Spring brings an irrational desire I have fought for years: I want a concussion. No, sorry, I meant: I want to buy a moped.
For some reason I think this will make me a cool Italian artist-type person who says things like, "I'm-a gonna go to Baraboglio's to-a get-a the spumoni, eh? Maybe I stop-a at the cafe and talk the how-you-say philosophy with Giovanni and smoke 16 unfiltered cigarettes and drink-a the espresso, eh?"
"What?" my wife likely would say. "Ever since you bought that moped, you've become insufferably pretentious."
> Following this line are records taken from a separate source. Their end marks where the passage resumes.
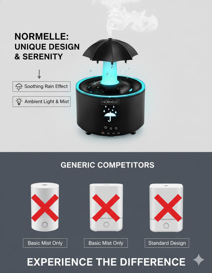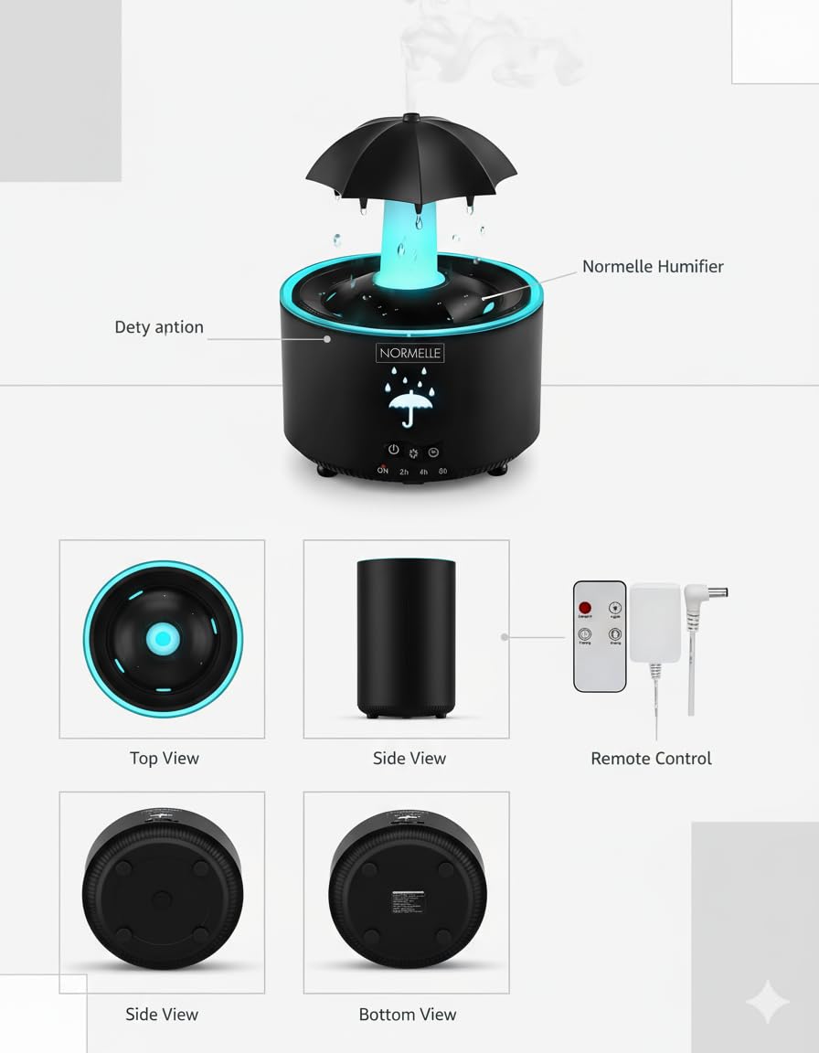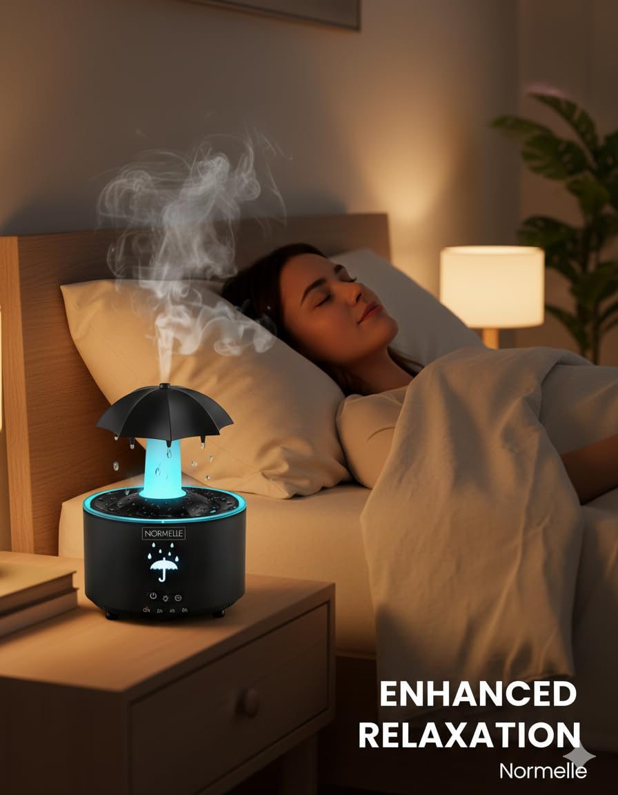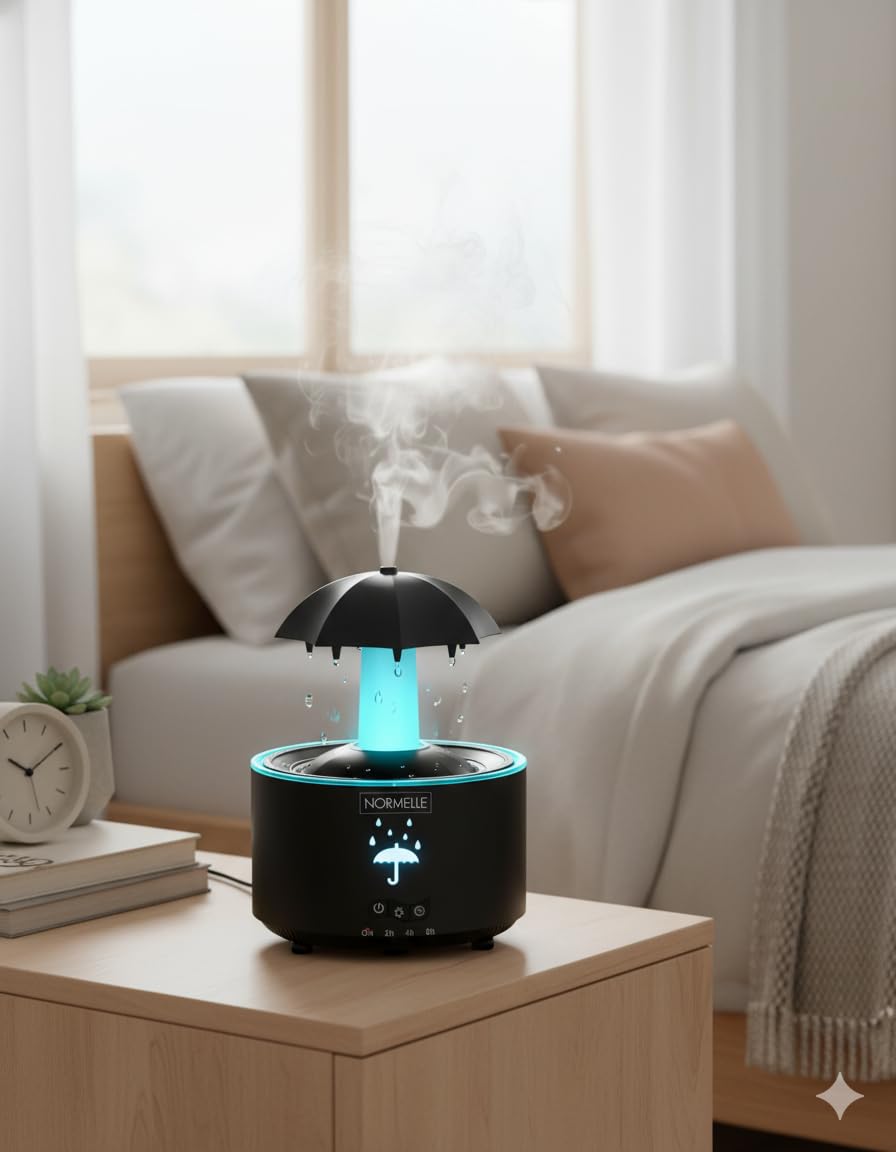 Experience a unique rain-inspired ambiance with this umbrella-shaped humidifier. The rotating top and natural raindrop sound (<36dB) offer calming comfort, perfect for relaxation or sleep.
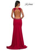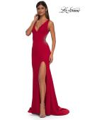 Gorgeous long dress with a ruched jersey skirt and lace up adjustable back. The bodice is sheer net with stunning seauin beaded lace applique. Back zipper closure.
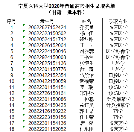 我校2020年甘肃本科批录取工作已结束,共录取18人。录取最高分555,最低分534,平均分541.26。
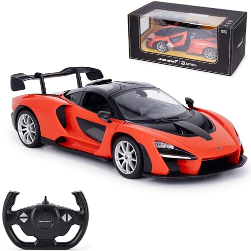 CMJ RC Cars McLaren Senna Remote Control Car 1:14 Scale – Orange, with Manual Butterfly Doors, Working Lights, and Full Suspension
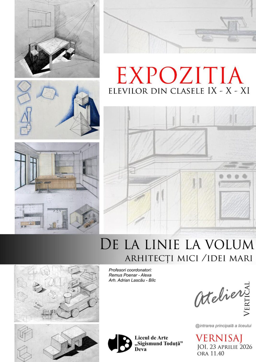 Elevii claselor IX–XI de la Liceul de Arte „Sigismund Toduță” din Deva vă invită să descoperiți o expoziție care transformă schița în formă și imaginația în spațiu.
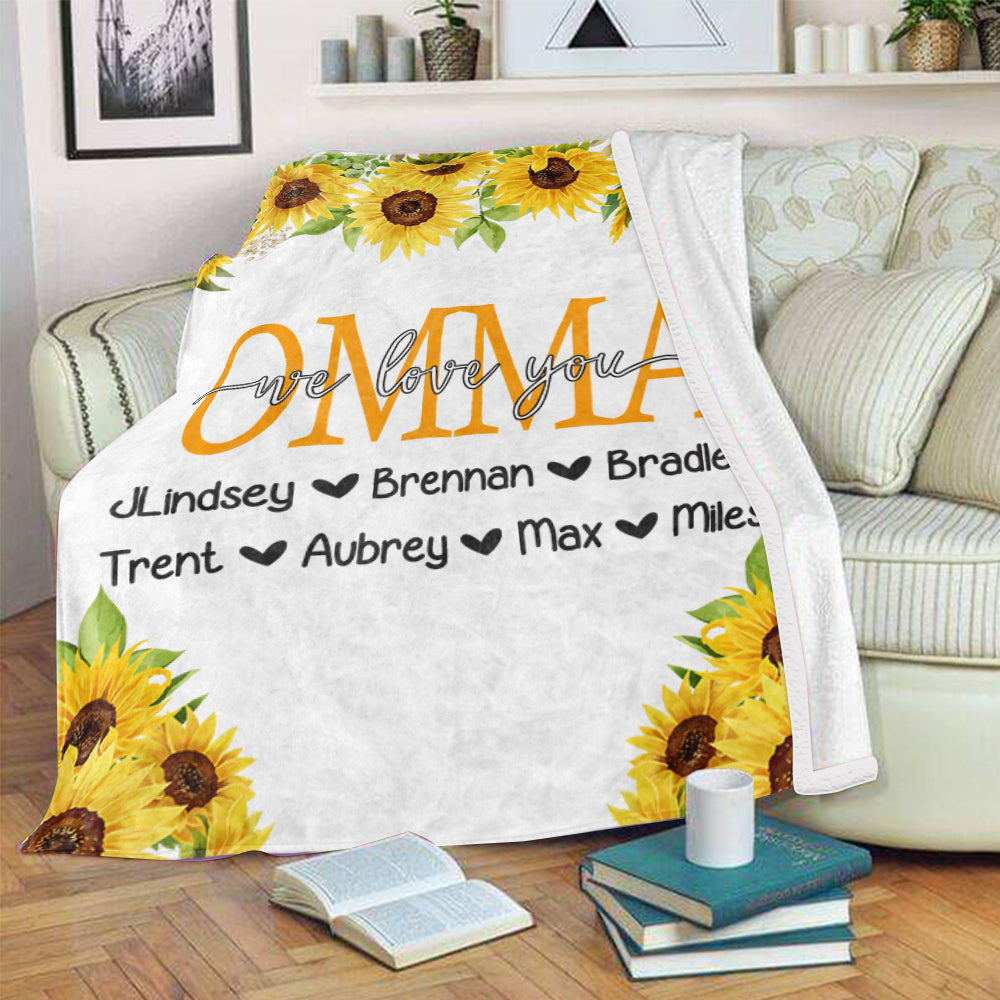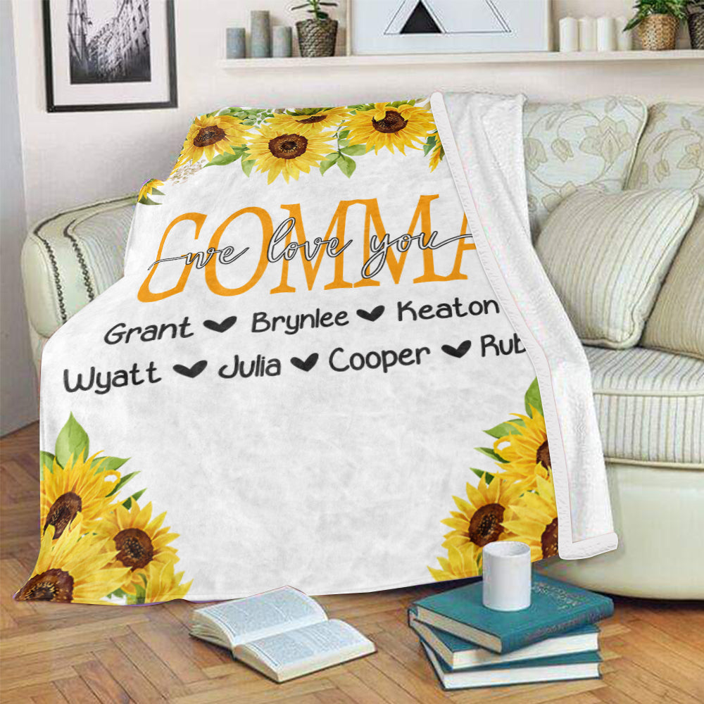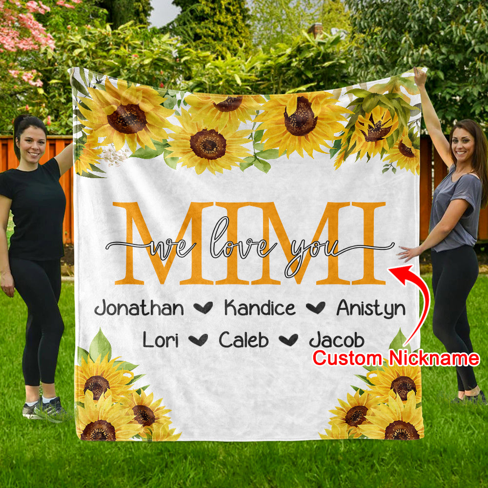Personalized Sunflower Cozy Plush Fleece Blankets with Your Nick & Kids' Names-BUY 2 SAVE 10%

"Eh, manzana! Tutti molto frutti, I gotta ride." And then I see myself zipping down the narrow ancient streets, skinny black tie whipping in the wind.
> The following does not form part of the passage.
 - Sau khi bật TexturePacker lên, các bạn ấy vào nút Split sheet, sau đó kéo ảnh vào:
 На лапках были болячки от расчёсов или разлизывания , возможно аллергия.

In reality, I'd look like a middle-aged dork, like I asked someone, "How can I go 27 miles per hour while looking like an illustration in an article about good posture?"
When you get right down to it, a moped is just a fast chair. But they get about 734 miles per gallon. If you run out of gas you can wring out a moist towelette into the tank, and it'll go another 40 miles. And you can park them anywhere. In the elevator at work, if you like.
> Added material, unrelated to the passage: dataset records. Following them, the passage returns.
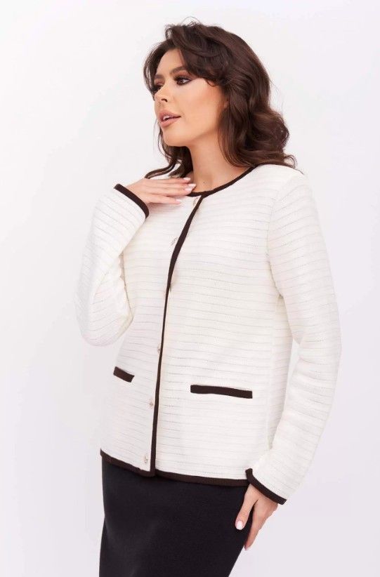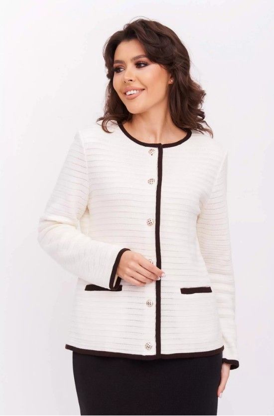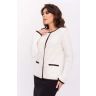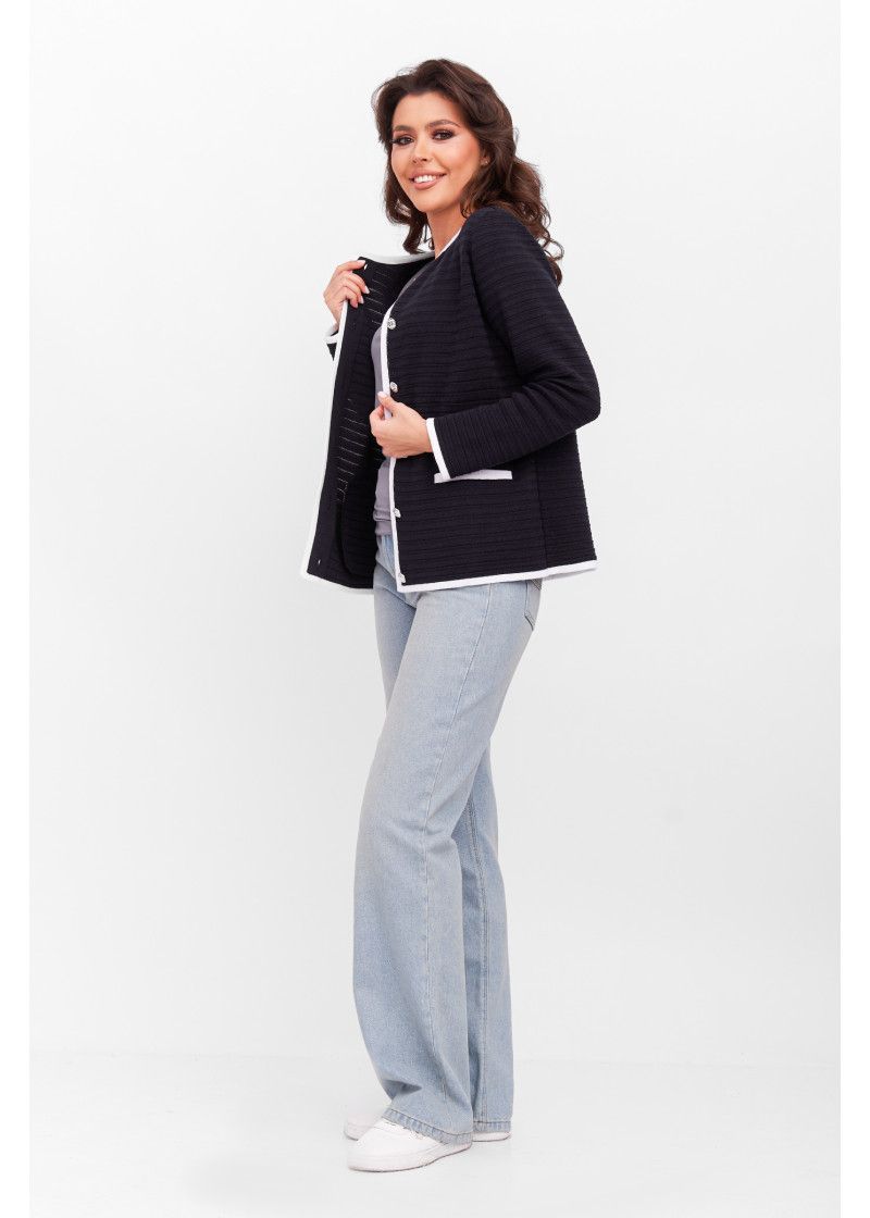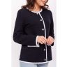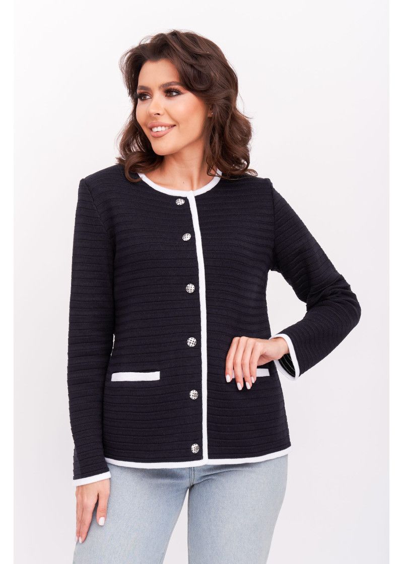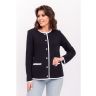 Жакет женский полуприлегающего силуэта с круглой горловиной. Жакет застегивается на металические пуговицы. Рукава втачные длинные. Два прорезных кармана. Горловина, низ рукавов, низ изделия и вход в карманы выполнены контрастным цветом.
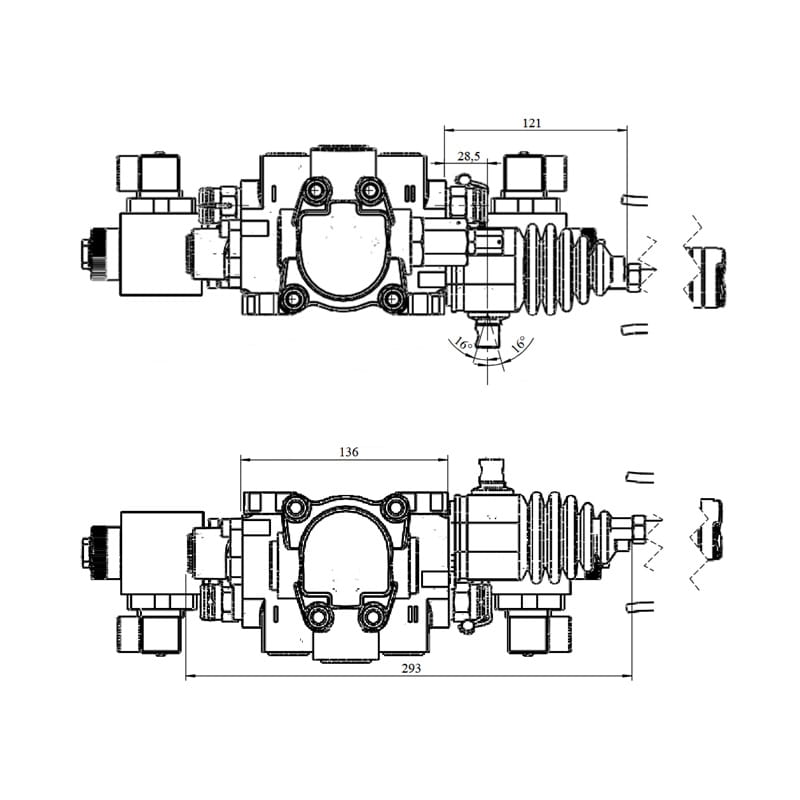 12V DC a čtyři sekce ovládané 2 joysticky. Joysticky mají celkem čtyři elektrická tlačítka (2+2) nestabilní
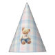 These party hats feature a timeless teddy bear design with pink and blue plaid accents, perfect for a coordinated twins Beary First birthday celebration.
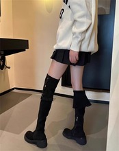 サドルブーツ エレガント 折り返し 厚底 ウエスタンブーツ 秋冬 スエード ロングブーツ

I had one once, many years ago, when I lived in St. Paul. No helmet required. No driver's test. Mopeds were regarded as anxious bicycles. We were a free people who enjoyed the wind in our hair and didn't take no guff from The Man who wanted to bring us down.
Then we moved to Washington, D.C., where the potholes were deep and the drivers sociopathic, and I sold it. But every spring over the past decade I've asked myself, "What predictable decision will give me the illusion I have conquered the nagging drag of the years?" And the answer is always the same: something two-wheeled that sounds like an amplified mosquito.